3. Verify docker was successfully installed by running sudo docker run hello-world upon which you should get the output shown below.

$ sudo docker run hello-world   
Hello from Docker!
 
This message shows that your installation appears to be working correctly.
 
To generate this message, Docker took the following steps:
 1. The Docker client contacted the Docker daemon.
 2. The Docker daemon pulled the "hello-world" image from the Docker Hub.
    (amd64)
 3. The Docker daemon created a new container from that image which runs the
    executable that produces the output you are currently reading.
 4. The Docker daemon streamed that output to the Docker client, which sent it
    to your terminal.
 
To try something more ambitious, you can run an Ubuntu container with:
 $ docker run -it ubuntu bash
 
Share images, automate workflows, and more with a free Docker ID:
 https://hub.docker.com/
 
For more examples and ideas, visit:
 https://docs.docker.com/get-started/

Verify Connectivity to Source MySQL DB

Next, ensure that the migration machine is able to connect to the MySQL server, because pgloader will need to communicate with MySQL over port 3306. Also make sure that the username/password used by pgloader and the IP address from which pgloader is connecting has permissions to connect to the MySQL source database.

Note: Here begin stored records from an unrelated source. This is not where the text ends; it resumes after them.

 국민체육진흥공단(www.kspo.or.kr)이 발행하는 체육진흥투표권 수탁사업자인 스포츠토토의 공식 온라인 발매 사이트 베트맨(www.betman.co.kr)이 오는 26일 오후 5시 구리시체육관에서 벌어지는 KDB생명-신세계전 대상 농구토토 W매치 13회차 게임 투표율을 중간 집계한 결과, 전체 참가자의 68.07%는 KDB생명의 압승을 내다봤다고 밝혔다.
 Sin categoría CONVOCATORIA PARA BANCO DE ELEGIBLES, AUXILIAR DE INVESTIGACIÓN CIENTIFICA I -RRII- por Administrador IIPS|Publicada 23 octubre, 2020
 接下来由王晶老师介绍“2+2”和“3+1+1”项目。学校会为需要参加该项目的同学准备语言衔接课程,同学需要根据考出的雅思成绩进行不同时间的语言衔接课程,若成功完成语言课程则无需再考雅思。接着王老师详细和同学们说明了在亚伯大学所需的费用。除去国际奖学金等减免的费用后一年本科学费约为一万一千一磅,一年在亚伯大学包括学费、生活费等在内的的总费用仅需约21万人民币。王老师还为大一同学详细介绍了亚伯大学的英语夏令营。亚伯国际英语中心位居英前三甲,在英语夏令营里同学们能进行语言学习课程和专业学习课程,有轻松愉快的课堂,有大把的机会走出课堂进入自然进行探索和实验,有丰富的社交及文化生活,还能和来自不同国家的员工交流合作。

1. To verify network connectivity you can use telnet <MySQL_ip> 3306.
2. To grant the pgloader ip the permissions to access the database you can run the following command.

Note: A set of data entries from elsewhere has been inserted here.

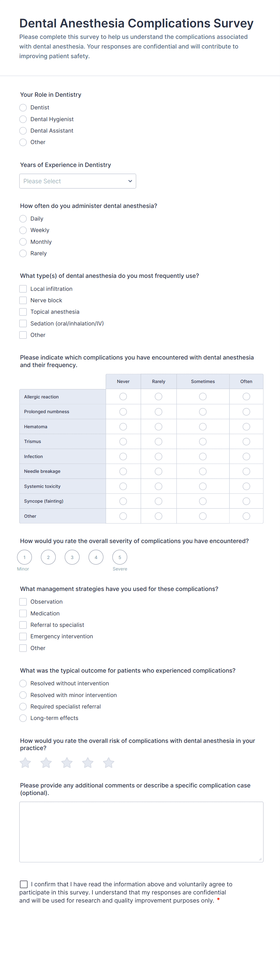 Healthcare surveys are specialized questionnaires designed to collect valuable information from patients, healthcare professionals, and other stakeholders within the medical field. These surveys can be used for a variety of purposes, such as assessing patient satisfaction, gathering feedback on healthcare services, monitoring public health trends, evaluating treatment outcomes, and conducting research studies. Healthcare organizations, clinics, hospitals, and research institutions rely on these surveys to improve patient care, streamline operations, and ensure compliance with industry standards.
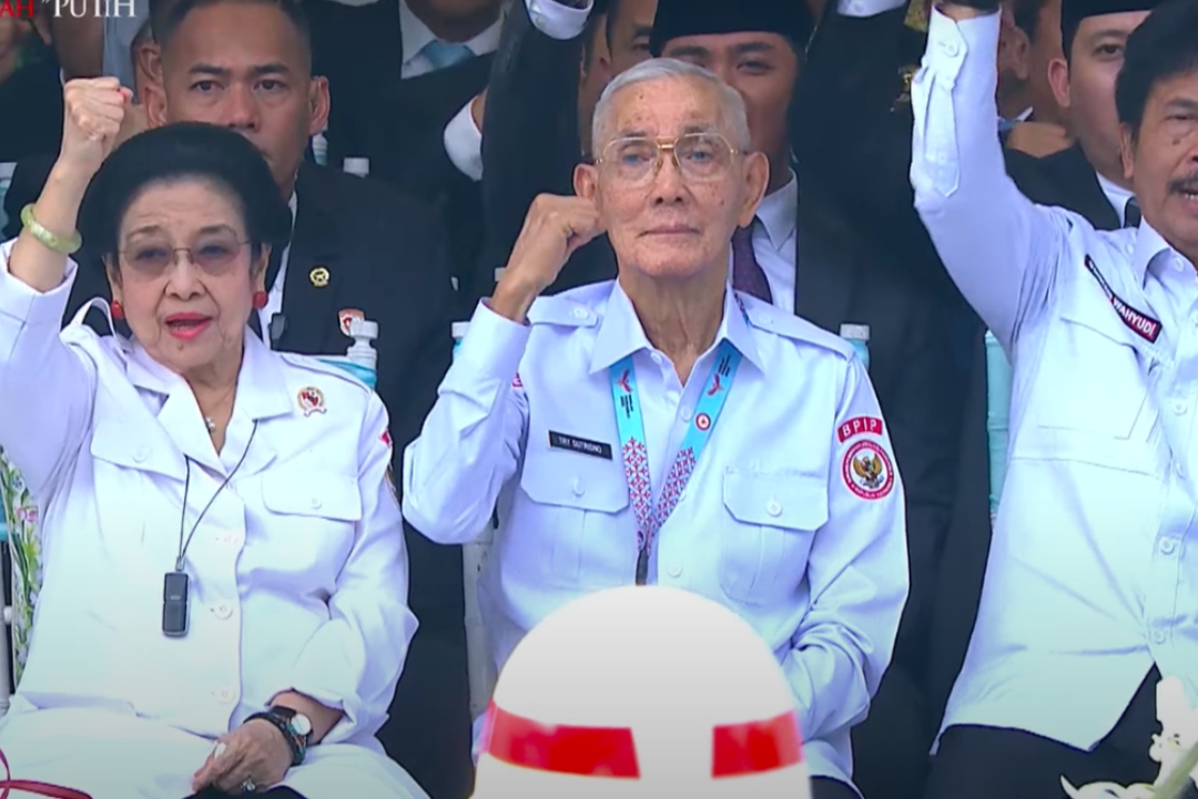 Wakil Presiden ke-6 Republik Indonesia, Try Sutrisno (tengah), bersama sejumlah tokoh nasional menghadiri sebuah acara kenegaraan. Dalam momen tersebut, Try Sutrisno tampak mengangkat tangan sebagai bentuk semangat dan dukungan, didampingi para pejabat yang mengenakan atribut resmi BPIP.
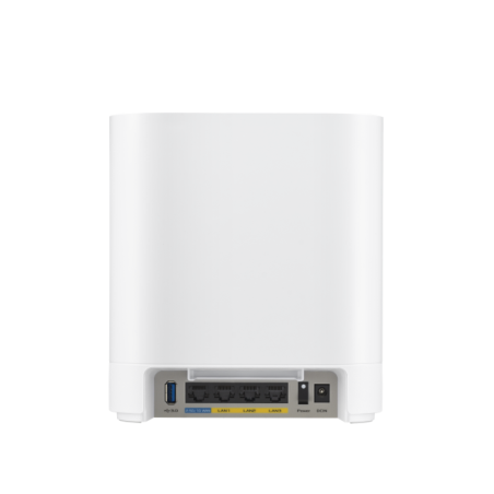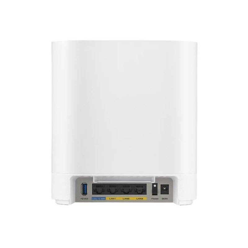 Router Asus Mesh di colore bianco, banda tripla ( (2.4 GHz/5 GHz/5 GHz) e Wi-Fi 6. Protocollo punto a punto operante su Ethernet IP statico. Antenna interna.Trasferimento Dati WLAN da 4804 Mbit/s. Processore da 1,7 Ghz.
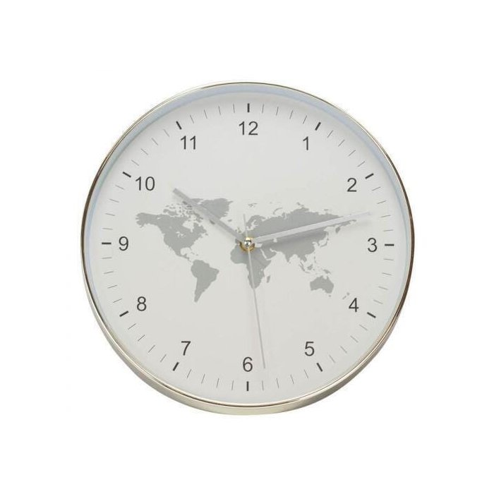 Relógio de parede borda prateada, formato circular com 30 x 30 cm de dimensão, estampado com mapa mundi.
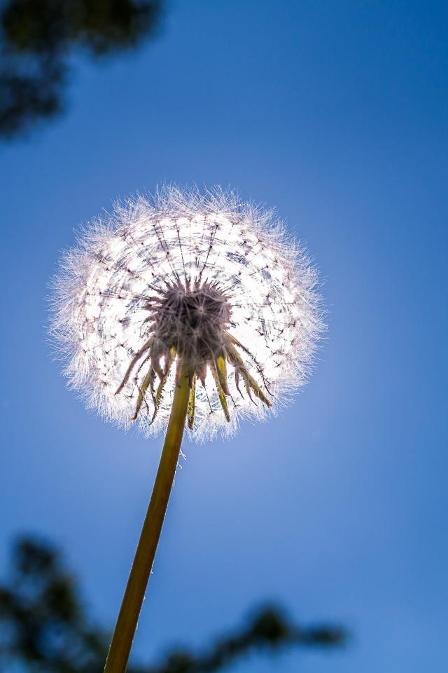 Wallpaper White dandelion on blue sky background
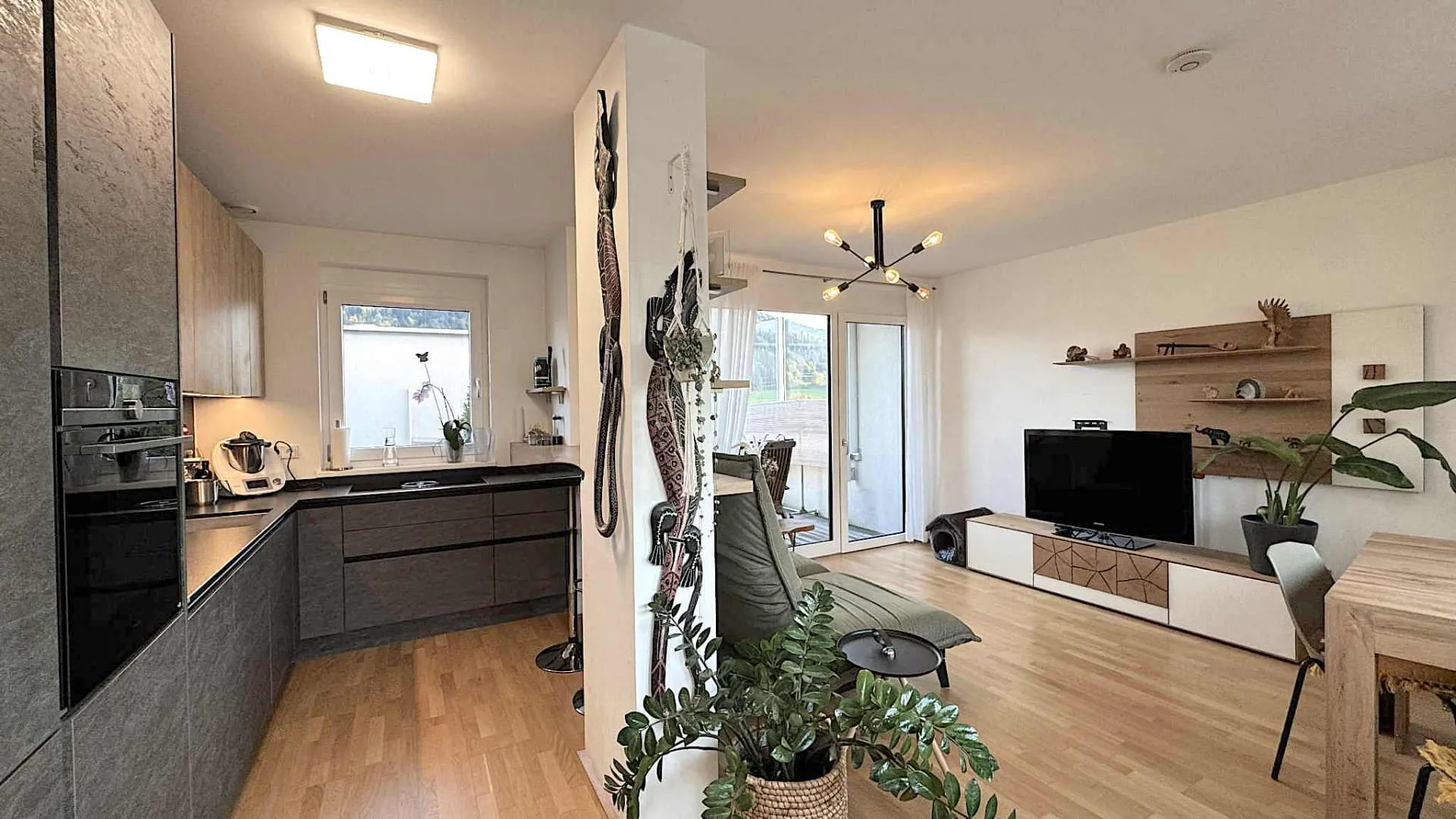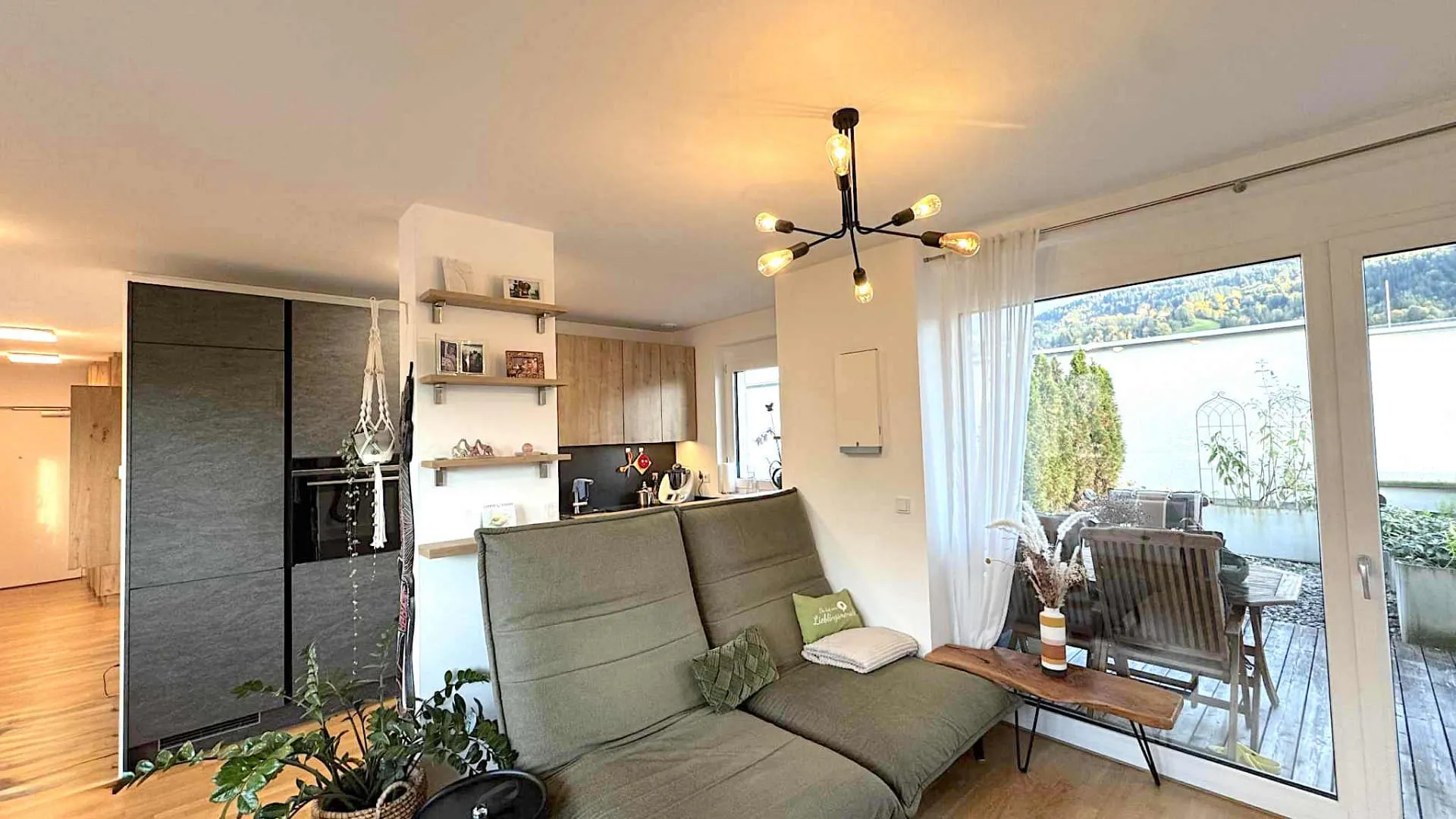 Die offene Küche ist mit einer Bora-Herdplatte mit integriertem Abzug sowie einem Siemens- Dampfbackofen ausgestattet. Im Wohnbereich sorgt eine edle Rolf Benz Couch für stilvolles Ambiente und Gemütlichkeit. Maßgefertigte Einbauschränke vom Tischler bieten optimalen Stauraum und fügen sich harmonisch ins Gesamtbild ein.

>GRANT ALL PRIVILEGES ON *.* TO 'root'@'<pgloader_instance_ip>' WITH GRANT OPTION;
    
flush PRIVILEGES;

3. To add a password for the ip/user combination, use the following command:

SET PASSWORD FOR 'root'@'<pgloader_instance_ip>' =
PASSWORD('<password>');

If you see a “failed to connect” message like this  after doing the above steps check the access with your MySQL DBA:

2021-04-22T17:33:33.232901Z ERROR #1=mysql: Failed to connect to #1# at "172.161.20.87" (port 3306) as user "root": MySQL Error [1045]:
"Access denied for user
'root'@'ip-172-161-27-195.us-east-2.compute.internal' (using password: YES)"
    
2021-04-22T17:33:33.232990Z LOG report summary reset
       table name     errors       rows      bytes      total time
-----------------  ---------  ---------  ---------  --------------
  fetch meta data          0          0                     0.000s
-----------------  ---------  ---------  ---------  --------------
-----------------  ---------  ---------  ---------  --------------

Verify Connectivity to Target YugabyteDB Cluster

The final check is to make sure the pgloader instance is able to reach the YugabyeDB cluster. For this we’ll need to check to make sure the pgloader instance is able to communicate with one of the YugabyteDB nodes across port 5433.

1. To verify connectivity run telnet <YugabyteDB_node_ip> 5433.

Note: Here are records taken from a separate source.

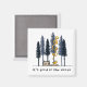 Need a little mental escape to decompress from the daily grind? Why not go off-the-grid and head out into the woods and sleep under the stars. This whimsical cartoon camping magnet features a pup tent pitched under tall pine trees in front of a cosy campfire with swirling wisps of smoke.
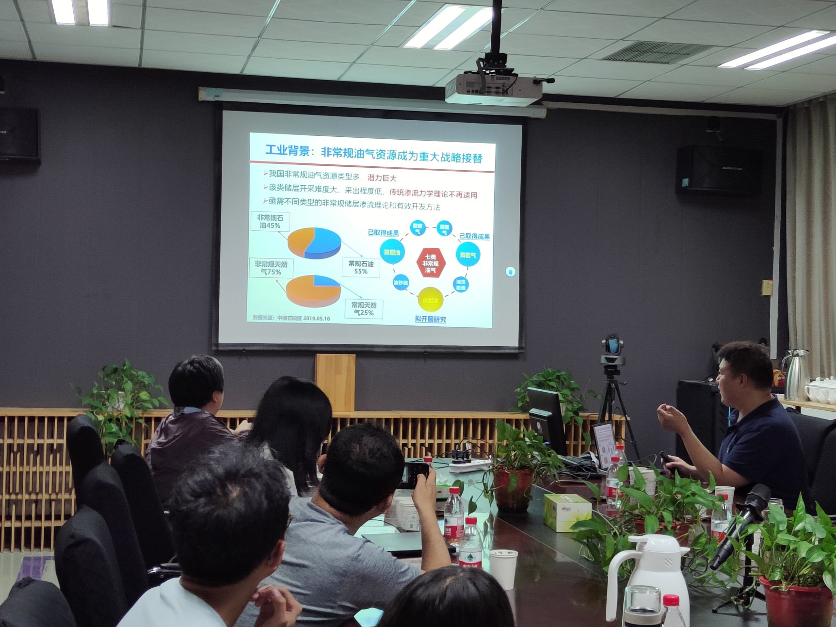 之后宋洪庆教授作了了题为《非常规油气藏开发的物理与数据模型》的报告,介绍了特低渗透油藏非达西渗流理论研究及其应用,解释了非达西渗流与达西渗流的区别与联系,包括有无启动压力的区别以及模型建立中的差异。另外宋教授还介绍了致密气渗流机理及模型、煤气层水两相非线性模型、页岩气多尺度流动模拟及产能预测方法,最后介绍了数智流体力学这一未来流体力学发展趋势。
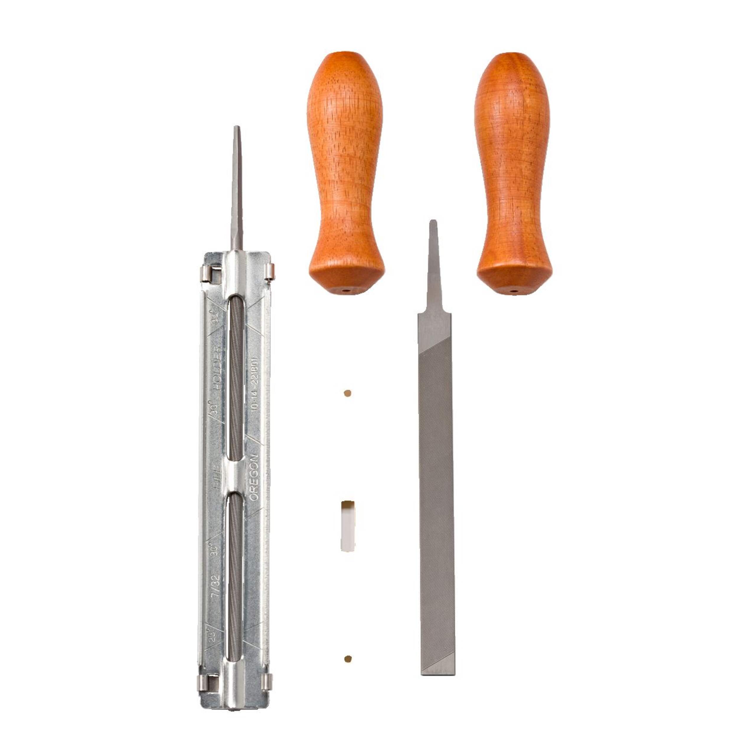 Includes: (1) file guide, (2) wooden file handles, (1) round file, (1) flat file, (1) 0.025" drop-centre depth gauge tool
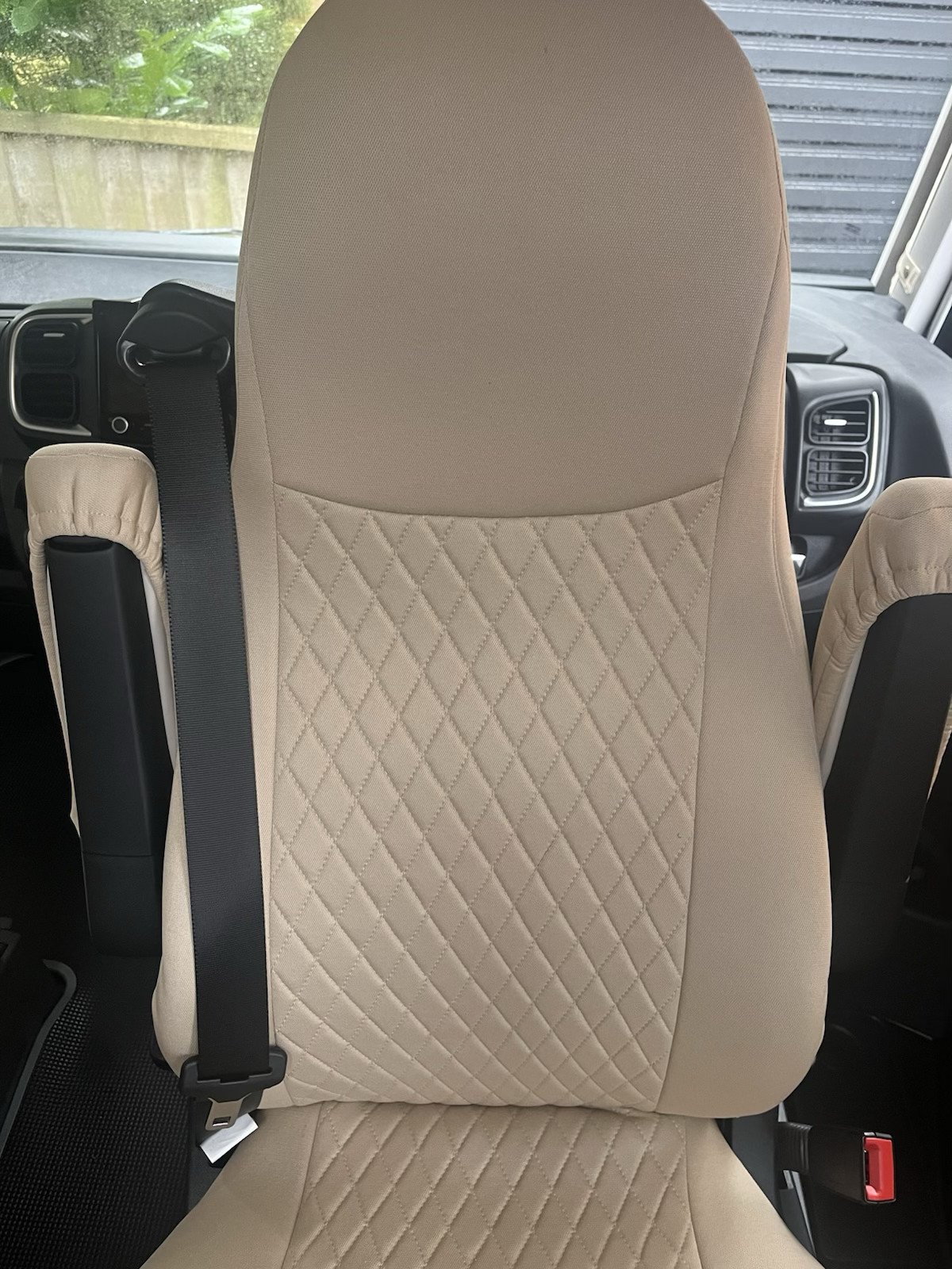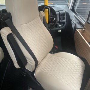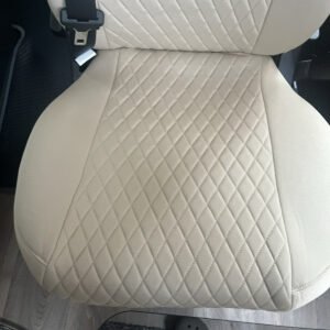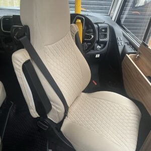 This listing is for a set of seat covers designed to fit the front seats of a Aguti GIS Liner and Milan Motorhome. The covers are made from high-quality fabric and come in a stylish Beige colour. They include headrest covers and feature adjustable straps for a secure fit.

Installing pgloader (Docker)

docker pull yugabytedb/pgloader:v1.1   
docker run --rm --name pgloader yugabytedb/pgloader:v1.0 pgloader
--version

You should see the following response:

pgloader version "3.6.3~devel"
compiled with Clozure Common Lisp Version 1.11.5/v1.11.5
(LinuxX8664)

For pgloader command flags:

docker pull yugabytedb/pgloader:v1.1
docker run --rm --name pgloader yugabytedb/pgloader:v1.1 pgloader
--help
pgloader [ option ... ] command-file ...
pgloader [ option ... ] SOURCE TARGET
  --help -h                   boolean  Show usage and exit.
  --version -V                boolean  Displays pgloader version and exit.
  --quiet -q                  boolean  Be quiet
  --verbose -v                boolean  Be verbose
  --debug -d                  boolean  Display debug level information.
  --client-min-messages       string   Filter logs seen at the console (default: "warning")
  --log-min-messages          string   Filter logs seen in the logfile (default: "notice")
  --summary -S                string   Filename where to copy the summary
  --root-dir -D               string   Output root directory. (default: #P"/tmp/pgloader/")
  --upgrade-config -U         boolean  Output the command(s) corresponding to .conf file for v2.x
  --list-encodings -E         boolean  List pgloader known encodings and exit.
  --logfile -L                string   Filename where to send the logs.
  --load-lisp-file -l         string   Read user code from files
  --dry-run                   boolean  Only check database connections, don't load anything.
  --on-error-stop             boolean  Refrain from handling errors properly.
  --no-ssl-cert-verification  boolean  Instruct OpenSSL to bypass verifying certificates.
  --context -C                string   Command Context Variables
  --with                      string   Load options
  --set                       string   PostgreSQL options
  --field                     string   Source file fields specification
  --cast                      string   Specific cast rules
  --type                      string   Force input source type
  --encoding                  string   Source expected encoding
  --before                    string   SQL script to run before loading the data
  --after                     string   SQL script to run after loading the data
  --self-upgrade              string   Path to pgloader newer sources
  --regress                   boolean  Drive regression testing

Setting Up pgloader Command File

Instead of using the pgloader command line SOURCE TARGET with options, we use a command file to simplify the docker command.

load database
 from mysql://root:password@172.161.20.87:3306/testdb
 into postgresql://yugabyte:yugabyte@172.161.30.169:5433/testdb
 WITH
    max parallel create index=1, batch rows = 1000;

Running pgloader

pgloader Schema and Data Migration

The docker image is based on centos7. We can “bash” into the container and run the pgloader command (/usr/local/bin/pgloader). In this doc, we store the pgloader command-file in “centos” home directory and use docker volume to map the configuration from centos home directory to docker container directory. The docker flag “–rm” will make sure the container is removed once the pgloader job is done.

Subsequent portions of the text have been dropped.